The choice seemed simple enough. Four women, best friends since childhood, want a getaway vacation. When the richest of them is offered a free week at a client's villa in France, they all jump at the chance to invite their husbands and children to leave muggy England behind for the French beach and countryside.

One of the women is now a widow, a nagging wound that the group delicately sidesteps. The men, who know one another only through their wives, get along socially even if they seem to have little in common.

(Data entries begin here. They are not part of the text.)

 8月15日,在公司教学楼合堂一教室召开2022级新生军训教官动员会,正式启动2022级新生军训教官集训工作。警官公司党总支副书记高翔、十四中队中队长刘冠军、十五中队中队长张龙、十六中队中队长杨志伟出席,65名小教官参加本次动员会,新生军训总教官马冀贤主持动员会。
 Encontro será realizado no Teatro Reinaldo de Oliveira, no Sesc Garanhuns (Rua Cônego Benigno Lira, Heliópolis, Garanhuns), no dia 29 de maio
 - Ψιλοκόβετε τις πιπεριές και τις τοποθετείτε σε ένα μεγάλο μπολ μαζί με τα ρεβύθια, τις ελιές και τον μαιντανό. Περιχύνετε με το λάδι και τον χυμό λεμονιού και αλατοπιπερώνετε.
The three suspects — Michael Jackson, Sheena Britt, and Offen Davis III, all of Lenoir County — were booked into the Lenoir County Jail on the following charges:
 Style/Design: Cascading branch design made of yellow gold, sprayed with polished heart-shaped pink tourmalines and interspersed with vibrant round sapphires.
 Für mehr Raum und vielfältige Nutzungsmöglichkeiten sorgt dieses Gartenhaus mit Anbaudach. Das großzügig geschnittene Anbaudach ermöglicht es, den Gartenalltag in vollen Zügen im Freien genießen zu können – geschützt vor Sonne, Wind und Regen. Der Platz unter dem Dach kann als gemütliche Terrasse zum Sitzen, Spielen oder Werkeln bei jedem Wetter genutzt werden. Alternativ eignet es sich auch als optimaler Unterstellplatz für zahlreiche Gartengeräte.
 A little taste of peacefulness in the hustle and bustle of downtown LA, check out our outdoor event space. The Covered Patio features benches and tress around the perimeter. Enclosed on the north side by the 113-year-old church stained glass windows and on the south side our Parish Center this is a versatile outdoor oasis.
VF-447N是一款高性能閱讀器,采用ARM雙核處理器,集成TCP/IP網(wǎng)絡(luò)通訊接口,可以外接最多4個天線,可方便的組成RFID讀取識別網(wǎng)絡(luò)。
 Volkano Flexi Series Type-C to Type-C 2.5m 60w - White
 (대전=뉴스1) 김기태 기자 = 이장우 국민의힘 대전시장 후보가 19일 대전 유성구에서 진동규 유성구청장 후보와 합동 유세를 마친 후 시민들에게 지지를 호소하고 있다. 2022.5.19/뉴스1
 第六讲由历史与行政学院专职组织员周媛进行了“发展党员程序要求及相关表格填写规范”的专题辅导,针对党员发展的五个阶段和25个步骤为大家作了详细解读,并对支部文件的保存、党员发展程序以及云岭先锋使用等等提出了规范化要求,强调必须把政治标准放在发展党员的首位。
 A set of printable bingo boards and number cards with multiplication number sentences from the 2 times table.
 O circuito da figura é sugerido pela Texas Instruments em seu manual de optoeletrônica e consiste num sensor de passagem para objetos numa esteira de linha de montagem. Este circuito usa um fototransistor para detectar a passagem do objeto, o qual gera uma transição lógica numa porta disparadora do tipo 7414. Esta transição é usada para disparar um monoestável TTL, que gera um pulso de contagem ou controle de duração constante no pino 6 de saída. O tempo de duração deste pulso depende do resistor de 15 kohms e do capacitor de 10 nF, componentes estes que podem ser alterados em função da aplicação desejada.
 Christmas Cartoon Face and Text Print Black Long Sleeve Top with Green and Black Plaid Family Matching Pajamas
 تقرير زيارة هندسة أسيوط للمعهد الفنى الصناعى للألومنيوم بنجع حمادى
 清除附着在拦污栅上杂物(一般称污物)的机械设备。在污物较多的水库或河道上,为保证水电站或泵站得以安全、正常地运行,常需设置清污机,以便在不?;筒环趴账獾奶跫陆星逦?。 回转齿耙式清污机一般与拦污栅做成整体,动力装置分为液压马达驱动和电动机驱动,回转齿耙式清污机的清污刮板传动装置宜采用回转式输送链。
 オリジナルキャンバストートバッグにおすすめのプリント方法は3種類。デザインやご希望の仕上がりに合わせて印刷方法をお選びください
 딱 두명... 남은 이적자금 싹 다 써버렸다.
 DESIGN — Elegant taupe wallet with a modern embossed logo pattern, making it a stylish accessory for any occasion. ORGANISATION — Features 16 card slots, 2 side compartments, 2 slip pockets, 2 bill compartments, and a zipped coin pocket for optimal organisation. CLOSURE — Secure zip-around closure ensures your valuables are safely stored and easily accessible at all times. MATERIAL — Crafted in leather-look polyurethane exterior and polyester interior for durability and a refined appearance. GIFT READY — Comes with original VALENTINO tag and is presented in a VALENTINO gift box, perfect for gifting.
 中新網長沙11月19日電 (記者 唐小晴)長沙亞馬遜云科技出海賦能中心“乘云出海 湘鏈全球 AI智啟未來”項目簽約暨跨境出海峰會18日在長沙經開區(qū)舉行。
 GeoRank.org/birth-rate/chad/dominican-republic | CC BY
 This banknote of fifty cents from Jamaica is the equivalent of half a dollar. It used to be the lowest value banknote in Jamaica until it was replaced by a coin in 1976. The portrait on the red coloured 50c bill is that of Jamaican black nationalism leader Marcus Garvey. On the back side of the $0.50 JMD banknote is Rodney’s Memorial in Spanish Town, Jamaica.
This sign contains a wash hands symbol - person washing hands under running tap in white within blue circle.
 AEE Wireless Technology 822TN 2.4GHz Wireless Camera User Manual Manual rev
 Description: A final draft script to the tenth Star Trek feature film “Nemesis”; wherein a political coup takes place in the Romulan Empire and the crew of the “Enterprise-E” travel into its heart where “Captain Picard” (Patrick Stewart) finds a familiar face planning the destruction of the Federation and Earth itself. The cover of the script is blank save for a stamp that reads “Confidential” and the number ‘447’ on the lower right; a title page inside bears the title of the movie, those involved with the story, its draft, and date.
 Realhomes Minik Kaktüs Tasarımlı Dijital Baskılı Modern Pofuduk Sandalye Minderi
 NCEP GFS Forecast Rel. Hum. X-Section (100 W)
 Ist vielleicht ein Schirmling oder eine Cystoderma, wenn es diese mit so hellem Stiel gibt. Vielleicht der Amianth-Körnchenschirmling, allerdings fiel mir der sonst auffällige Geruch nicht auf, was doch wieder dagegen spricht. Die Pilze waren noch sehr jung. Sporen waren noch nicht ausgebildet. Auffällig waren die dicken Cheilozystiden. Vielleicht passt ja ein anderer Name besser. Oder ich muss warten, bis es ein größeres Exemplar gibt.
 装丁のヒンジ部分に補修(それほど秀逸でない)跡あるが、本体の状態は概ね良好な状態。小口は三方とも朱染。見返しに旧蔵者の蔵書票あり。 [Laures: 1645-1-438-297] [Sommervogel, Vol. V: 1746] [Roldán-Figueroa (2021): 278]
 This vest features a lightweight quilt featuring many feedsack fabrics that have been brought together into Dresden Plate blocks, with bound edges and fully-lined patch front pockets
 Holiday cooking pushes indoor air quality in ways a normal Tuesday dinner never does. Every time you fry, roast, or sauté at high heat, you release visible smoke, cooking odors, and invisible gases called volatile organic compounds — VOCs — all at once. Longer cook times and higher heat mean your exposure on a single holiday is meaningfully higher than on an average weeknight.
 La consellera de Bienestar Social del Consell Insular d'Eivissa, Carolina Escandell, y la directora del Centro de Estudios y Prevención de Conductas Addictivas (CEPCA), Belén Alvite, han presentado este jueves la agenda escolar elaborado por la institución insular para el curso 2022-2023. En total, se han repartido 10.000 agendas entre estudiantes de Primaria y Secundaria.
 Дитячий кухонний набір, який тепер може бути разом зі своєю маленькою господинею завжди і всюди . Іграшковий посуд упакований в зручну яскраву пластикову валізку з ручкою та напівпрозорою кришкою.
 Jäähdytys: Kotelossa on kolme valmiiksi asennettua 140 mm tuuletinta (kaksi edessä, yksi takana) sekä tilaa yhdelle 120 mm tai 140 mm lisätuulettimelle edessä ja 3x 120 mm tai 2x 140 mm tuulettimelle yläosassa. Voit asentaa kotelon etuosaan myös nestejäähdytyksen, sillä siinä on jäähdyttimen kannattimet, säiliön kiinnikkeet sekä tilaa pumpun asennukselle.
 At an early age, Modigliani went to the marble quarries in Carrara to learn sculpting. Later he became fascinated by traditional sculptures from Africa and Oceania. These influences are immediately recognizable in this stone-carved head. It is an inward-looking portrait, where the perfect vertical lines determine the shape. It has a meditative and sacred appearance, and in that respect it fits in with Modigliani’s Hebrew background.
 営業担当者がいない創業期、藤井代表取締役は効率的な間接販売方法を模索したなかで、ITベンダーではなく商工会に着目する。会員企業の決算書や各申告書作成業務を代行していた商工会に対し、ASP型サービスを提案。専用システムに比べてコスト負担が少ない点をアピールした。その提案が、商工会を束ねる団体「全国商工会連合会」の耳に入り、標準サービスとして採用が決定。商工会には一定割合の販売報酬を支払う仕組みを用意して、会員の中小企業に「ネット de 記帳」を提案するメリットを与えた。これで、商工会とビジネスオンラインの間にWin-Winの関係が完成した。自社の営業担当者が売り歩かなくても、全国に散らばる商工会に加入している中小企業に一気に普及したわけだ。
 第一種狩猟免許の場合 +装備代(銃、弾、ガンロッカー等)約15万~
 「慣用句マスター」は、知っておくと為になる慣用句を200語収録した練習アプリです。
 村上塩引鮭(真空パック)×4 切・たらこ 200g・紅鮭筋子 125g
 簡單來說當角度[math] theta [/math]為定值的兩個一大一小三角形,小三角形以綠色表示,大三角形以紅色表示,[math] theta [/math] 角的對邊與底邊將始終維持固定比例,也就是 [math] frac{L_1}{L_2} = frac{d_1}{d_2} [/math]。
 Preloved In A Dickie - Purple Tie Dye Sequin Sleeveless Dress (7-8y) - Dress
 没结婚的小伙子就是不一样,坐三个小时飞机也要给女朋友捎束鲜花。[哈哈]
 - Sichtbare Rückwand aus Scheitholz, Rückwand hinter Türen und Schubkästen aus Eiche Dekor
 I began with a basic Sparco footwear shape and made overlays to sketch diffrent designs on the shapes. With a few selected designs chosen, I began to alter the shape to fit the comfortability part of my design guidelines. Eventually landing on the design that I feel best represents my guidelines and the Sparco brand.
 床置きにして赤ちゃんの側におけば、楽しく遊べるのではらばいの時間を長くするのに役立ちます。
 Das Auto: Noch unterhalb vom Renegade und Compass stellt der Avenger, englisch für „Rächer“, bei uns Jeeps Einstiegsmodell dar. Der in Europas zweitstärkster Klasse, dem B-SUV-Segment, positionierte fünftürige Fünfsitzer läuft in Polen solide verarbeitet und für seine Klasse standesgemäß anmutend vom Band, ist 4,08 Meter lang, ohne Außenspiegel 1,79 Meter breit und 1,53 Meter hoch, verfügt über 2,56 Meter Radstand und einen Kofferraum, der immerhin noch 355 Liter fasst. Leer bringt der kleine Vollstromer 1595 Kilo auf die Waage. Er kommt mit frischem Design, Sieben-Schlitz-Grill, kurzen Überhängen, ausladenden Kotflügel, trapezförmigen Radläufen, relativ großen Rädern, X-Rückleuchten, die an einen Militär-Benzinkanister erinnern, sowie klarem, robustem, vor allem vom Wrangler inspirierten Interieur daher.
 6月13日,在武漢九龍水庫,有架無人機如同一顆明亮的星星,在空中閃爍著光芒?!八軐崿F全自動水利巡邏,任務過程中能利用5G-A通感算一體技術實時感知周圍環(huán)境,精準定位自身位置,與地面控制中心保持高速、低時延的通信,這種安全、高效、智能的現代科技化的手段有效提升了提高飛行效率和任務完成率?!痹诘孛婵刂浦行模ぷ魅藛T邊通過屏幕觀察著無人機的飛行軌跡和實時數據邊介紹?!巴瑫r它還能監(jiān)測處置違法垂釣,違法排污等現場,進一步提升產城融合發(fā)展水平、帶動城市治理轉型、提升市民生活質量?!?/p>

Right off the bat, Libby discovers a text on her husband's phone from an apparent paramour, and she quickly deduces it has to be one of her fellow travelers. The cheating lovers have texted that they'll "tell her" on the trip. Slowly she builds a case against each of her dear friends.

Each of the couples has complicated kids in tow. The youngest is spoiled rotten, an only child; another is distant and always plugged into his digital world; a younger brother yearns to play with the older kids. A lovely teen daughter is clearly troubled about something … a boy? Much adolescent drama, and, later, danger, ensues.

Along the way we learn all these characters' back stories and fill in the blanks around their bizarre behavior on the trip. But the author doesn't prepare us for the final tragic twist, even though the puzzle pieces were there all along.

GINNY GREENE

The Yellow Bird Sings
By Jennifer Rosner. (Flatiron Books, 304 pages, $25.99.)

Like Alice Hoffman's recent "The World That We Knew" but better, Jennifer Rosner's novel is the time-jumping story of a girl who survives the Holocaust by becoming one of thousands of "hidden children." Jewish youngsters who avoided concentration camps either by hiding from the Nazis or by pretending not to be Jewish, they are represented in "Yellow Bird" by Shira, who lives in a hayloft with her mother until they are separated and Shira is sent to a convent. Shira means "poem" in Hebrew and Rosner fills "Yellow Bird" with spare, poetic language that describes how mother and daughter use music to fuel their spirit, how an imaginary bird keeps the child's hope alive and how sacrifice can lead to both heartache and redemption.